Israel’s El Al airlines has vaccinated more than 250 flight crew members against measles in recent says after the Health Ministry ordered all local airlines to inoculate all their staff as the highly contagious disease continues to spread.
The Health Ministry order comes after a flight attendant and a 10-year-old boy were believed to have suffered irreversible brain damage from disease.
“Due to the continued spread of measles and the exposure of air crews, we recommend that all your workers be vaccinated,” the Health Ministry said in a directive. “Make sure that your workers receive two inoculations and place a special emphasis on the air crews who come into contact with travelers.”
El Al, which had already begun vaccinating its workers after flight attendant was hospitalized in a coma after contracting the disease on a flight, has now set up a special clinic at Ben Gurion airport and more than 250 crew members have been vaccinated, Channel 12 reported.
The condition of the El Al worker who was hospitalized earlier this month with the measles has deteriorated, Hebrew media reported on Thursday. She is in a coma, has been moved to an isolated intensive care unit, and has suffered suspected brain damage.
A young boy has also been hospitalized at Schneider Medical Center in Petah Tikva with suspected brain damage and is attached to a ventilator, according to television reports.
The El Al flight attendant, 43, was admitted to a hospital two weeks ago after contracting the disease on a flight from New York. She is suffering from meningoencephalitis — a complication of the measles virus that is similar to having both meningitis and encephalitis, respectively infections or inflammations of the lining of the brain and the brain itself.
The woman was working on board El AL flight 002 from John F. Kennedy Airport to Tel Aviv on March 26 and the Health Ministry advised all travelers on that flight to immediately seek medical care if they develop symptoms of the measles.
Blood tests revealed that the El AL flight attendant had been vaccinated with only one shot against measles instead of the two inoculations recommended for her age group.
“The damage is very serious,” Dr. Avi Lin, deputy director of Meir Hospital, told the Ynet news site. “We continue to evaluate her situation every day and hope for the best.”
Last week, an internal Health Ministry document revealed that two million Israelis are partially or not vaccinated, according to Channel 13. That figure likely includes those born between 1957 and 1977 who require two booster shots to be fully inoculated against the disease, which the ministry has not mandated.
Measles is making a resurgence in Israel due primarily to parents not inoculating their children. Up to 45,000 children, mostly from ultra-Orthodox families, are not vaccinated at all, Channel 12 news reported Thursday. Those children are aged 1-6 years old and the Health Ministry will reach out to their families, according to the report.
On Wednesday, the Health Ministry said it would keep child healthcare centers open throughout the Passover holiday next week, when children are on vacation, in a coordinated drive to step up vaccination rates.
A nurse prepares the measles, mumps and rubella (MMR) vaccine at the Rockland County Health Department in Haverstraw, Rockland County, New York, on April 5, 2019. (Johannes Eisele/AFP)
“If everybody had been vaccinated as required we would not be in this situation,” Prof. Sigal Sedetzki, head of public health services at the Health Ministry, told Channel 12.
Sedetzki said the ultra-Orthodox in particular had “several pockets” within the community that do not vaccinate. He urged parents to take their children to clinics around the country that are being kept open over the Passover holiday in order to administer the vaccinations.
The Health Ministry is also urging Israelis to make sure that they are vaccinated before flying overseas, Channel 13 reported Thursday.
Israel has seen an outbreak of measles in the past year, recording 3,600 cases between March 2018 and February 2019, according to the ministry.
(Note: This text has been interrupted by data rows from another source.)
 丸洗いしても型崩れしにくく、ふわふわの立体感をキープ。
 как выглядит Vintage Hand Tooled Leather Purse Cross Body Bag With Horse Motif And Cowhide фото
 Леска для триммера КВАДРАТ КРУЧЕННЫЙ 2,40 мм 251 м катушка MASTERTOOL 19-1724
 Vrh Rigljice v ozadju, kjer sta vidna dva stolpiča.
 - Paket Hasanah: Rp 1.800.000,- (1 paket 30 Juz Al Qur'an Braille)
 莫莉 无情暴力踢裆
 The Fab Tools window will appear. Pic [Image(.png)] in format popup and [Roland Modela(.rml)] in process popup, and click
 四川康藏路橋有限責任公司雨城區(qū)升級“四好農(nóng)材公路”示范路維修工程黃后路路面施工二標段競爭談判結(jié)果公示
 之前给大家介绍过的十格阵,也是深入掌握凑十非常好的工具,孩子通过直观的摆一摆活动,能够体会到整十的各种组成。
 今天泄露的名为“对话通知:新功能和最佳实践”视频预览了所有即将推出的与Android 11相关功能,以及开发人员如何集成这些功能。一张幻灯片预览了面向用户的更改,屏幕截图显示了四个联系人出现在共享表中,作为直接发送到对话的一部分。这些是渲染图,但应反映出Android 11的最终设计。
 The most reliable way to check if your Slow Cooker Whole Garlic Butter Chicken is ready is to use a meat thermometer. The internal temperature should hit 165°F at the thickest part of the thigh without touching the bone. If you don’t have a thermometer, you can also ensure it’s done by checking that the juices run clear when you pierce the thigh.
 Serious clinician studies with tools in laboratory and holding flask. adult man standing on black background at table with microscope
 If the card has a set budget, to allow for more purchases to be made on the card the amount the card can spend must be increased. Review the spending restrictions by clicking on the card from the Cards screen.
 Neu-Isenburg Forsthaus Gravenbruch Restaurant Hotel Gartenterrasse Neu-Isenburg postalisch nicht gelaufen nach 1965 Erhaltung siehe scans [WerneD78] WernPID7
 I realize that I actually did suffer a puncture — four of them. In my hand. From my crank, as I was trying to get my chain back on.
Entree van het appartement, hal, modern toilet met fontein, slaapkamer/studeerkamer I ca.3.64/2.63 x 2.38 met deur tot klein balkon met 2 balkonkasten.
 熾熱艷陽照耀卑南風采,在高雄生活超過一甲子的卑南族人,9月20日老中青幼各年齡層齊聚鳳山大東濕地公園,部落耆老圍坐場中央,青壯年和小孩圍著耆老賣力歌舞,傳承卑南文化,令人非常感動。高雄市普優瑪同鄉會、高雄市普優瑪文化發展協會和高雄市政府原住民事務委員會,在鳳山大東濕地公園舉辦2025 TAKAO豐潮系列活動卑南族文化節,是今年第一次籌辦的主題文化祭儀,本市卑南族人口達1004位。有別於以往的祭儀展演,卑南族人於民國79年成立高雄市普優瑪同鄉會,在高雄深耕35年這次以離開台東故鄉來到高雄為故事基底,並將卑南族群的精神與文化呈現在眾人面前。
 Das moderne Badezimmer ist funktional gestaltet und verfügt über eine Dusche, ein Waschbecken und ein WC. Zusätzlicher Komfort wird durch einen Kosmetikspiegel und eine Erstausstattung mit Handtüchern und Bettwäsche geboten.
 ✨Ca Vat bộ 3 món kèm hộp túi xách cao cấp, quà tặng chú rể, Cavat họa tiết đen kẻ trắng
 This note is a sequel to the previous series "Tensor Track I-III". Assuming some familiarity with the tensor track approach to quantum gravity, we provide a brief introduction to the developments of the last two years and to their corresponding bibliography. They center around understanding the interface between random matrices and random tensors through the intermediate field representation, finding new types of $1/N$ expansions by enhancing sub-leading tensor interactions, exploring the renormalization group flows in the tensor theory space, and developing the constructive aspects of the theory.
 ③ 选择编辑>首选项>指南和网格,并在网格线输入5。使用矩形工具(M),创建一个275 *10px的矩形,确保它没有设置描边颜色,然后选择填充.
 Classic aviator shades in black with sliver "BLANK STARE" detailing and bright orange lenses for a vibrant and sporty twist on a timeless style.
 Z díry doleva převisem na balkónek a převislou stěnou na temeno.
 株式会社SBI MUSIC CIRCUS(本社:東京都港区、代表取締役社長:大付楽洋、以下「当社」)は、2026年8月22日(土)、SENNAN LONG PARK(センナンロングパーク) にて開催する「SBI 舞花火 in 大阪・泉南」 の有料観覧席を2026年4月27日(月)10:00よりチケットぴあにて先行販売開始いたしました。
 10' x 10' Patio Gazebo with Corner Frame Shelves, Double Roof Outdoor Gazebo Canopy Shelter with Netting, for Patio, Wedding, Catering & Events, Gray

Infections have mostly centered on the country’s ultra-Orthodox community, where inoculation rates have generally been lower than the rest of the population.
In November, an 18-month-old toddler in Jerusalem died of the disease, the first recorded death from measles in Israel in the past 15 years. A month later, an 82-year-old woman became the second fatality.
In New York, too, officials are struggling to contain a swelling number of measles cases centered in ultra-Orthodox Jewish neighborhoods while battling lawsuits over their efforts to require vaccinations. Health officials have confirmed 329 cases of measles in New York City and 184 cases in nearby Rockland County since the outbreak began in October.
The measles cases in Rockland and in Brooklyn have been traced to unvaccinated members of the ultra-Orthodox Jewish community who traveled to Israel. Orthodox Jewish leaders say a small faction of vaccine opponents in the community has allowed the disease to spread.